Here’s the question. How do we kill something gracefully? How do we make sure that when your application is destroyed, the users of that application do not experience any downtime and not a single request is lost?

Now, you might be thinking that’s easy. Just do not delete the application.

That’s close to impossible though since there are myriad of reasons why an application or, to be more precise, a replica of an application would be annihilated. When we upgrade applications we tend to create new replicas based on a new release and destroy the old ones. When we scale the cluster some replicas of the application might be destroyed and created elsewhere. A node where the application is running might need to be upgraded resulting in replicas running in it being moved somewhere else since node upgrades often mean “destroy the old one and create a new one”. There are many reasons why a replica of an application might be deleted. It’s a matter of when rather than if.

Today we are going to discuss how we can make our applications fail gracefully; how to ensure that when a replica is deleted our users are not affected in any form or way.

To make the discussion more interesting, I’ll propose a solution that works anywhere.

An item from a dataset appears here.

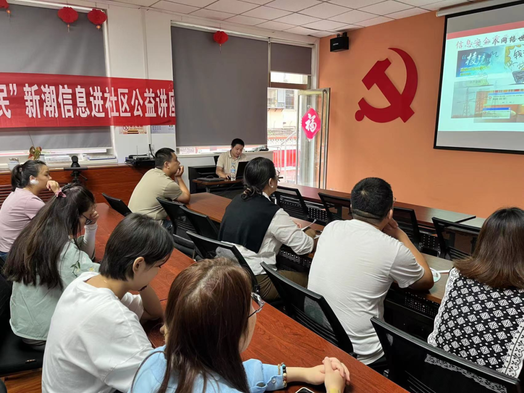 為增強社區(qū)居民的網(wǎng)絡(luò)安全意識和防范能力,預(yù)防網(wǎng)絡(luò)詐騙帶來的經(jīng)濟損失,營造安全、健康、文明的網(wǎng)絡(luò)環(huán)境。山東新潮信息黨支部在國家網(wǎng)絡(luò)安全宣傳周之際,走進社區(qū)開展以“網(wǎng)絡(luò)安全為人民,網(wǎng)絡(luò)安全靠人民”為主題的公益講座。

I’ll show a way how to shut down gracefully no matter whether the application is running directly in a server, or is managed by Docker, or is running in Kubernetes, or almost any other permutation we might imagine.

The solution to the problem we’re trying to solve today is called… signals. Most of the systems, especially those based on Linux, which is the vast majority, are all assuming that applications are capable of receiving different signals and act accordingly. The only problem is that many of us are not aware of them. That’s going to change today.

Setup

git clone https://github.com/vfarcic/silly-demo

cd silly-demo

git checkout sigterm

Make sure that Docker is up-and-running. We’ll use it directly as well as to create a KinD cluster.

Watch https://youtu.be/WiFLtcBvGMU if you are not familiar with Devbox. Alternatively, you can skip Devbox and install all the tools listed in devbox.json yourself.

devbox shell

Watch Master Terminal Multiplexing with Zellij in Minutes! if you are not familiar with Zellij.

zellij --session dot --layout zellij.kdl

kind create cluster --config kind.yaml

kubectl apply \
    --filename https://raw.githubusercontent.com/kubernetes/ingress-nginx/main/deploy/static/provider/kind/deploy.yaml

kubectl create namespace a-team

yq --inplace ".values.ingress.className = \"nginx\"" timoni/values.yaml

yq --inplace ".values.ingress.host = \"silly-demo.127.0.0.1.nip.io\"" \
    timoni/values.yaml

Graceful Shut Down of Applications Running Locally

Let me run a silly application locally first. It already knows how to handle signals we’ll be discussiong but, first, I want to show how it would work if it would be a “normal” application oblivious that there is such a thing as signals. I’ll do that by setting NO_SIGNALS environment variable since the code skips implementing signals if that var is set. From there on, I’ll just execute go run.

NO_SIGNALS=true go run .

The output is as follows.

2024/07/24 02:33:22 Starting server...
[GIN-debug] [WARNING] Running in "debug" mode. Switch to "release" mode in production.
 - using env:   export GIN_MODE=release
 - using code:  gin.SetMode(gin.ReleaseMode)

[GIN-debug] GET    /fibonacci                --> main.fibonacciHandler (1 handlers)
[GIN-debug] POST   /video                    --> main.videoPostHandler (1 handlers)
[GIN-debug] GET    /videos                   --> main.videosGetHandler (1 handlers)
[GIN-debug] GET    /ping                     --> main.pingHandler (1 handlers)
[GIN-debug] GET    /memory-leak              --> main.memoryLeakHandler (1 handlers)
[GIN-debug] GET    /                         --> main.rootHandler (1 handlers)

Now, before we proceed, I have to mention two things.

First, my application is written in Go, but that should be irrelevant since the same logic can be added to any language.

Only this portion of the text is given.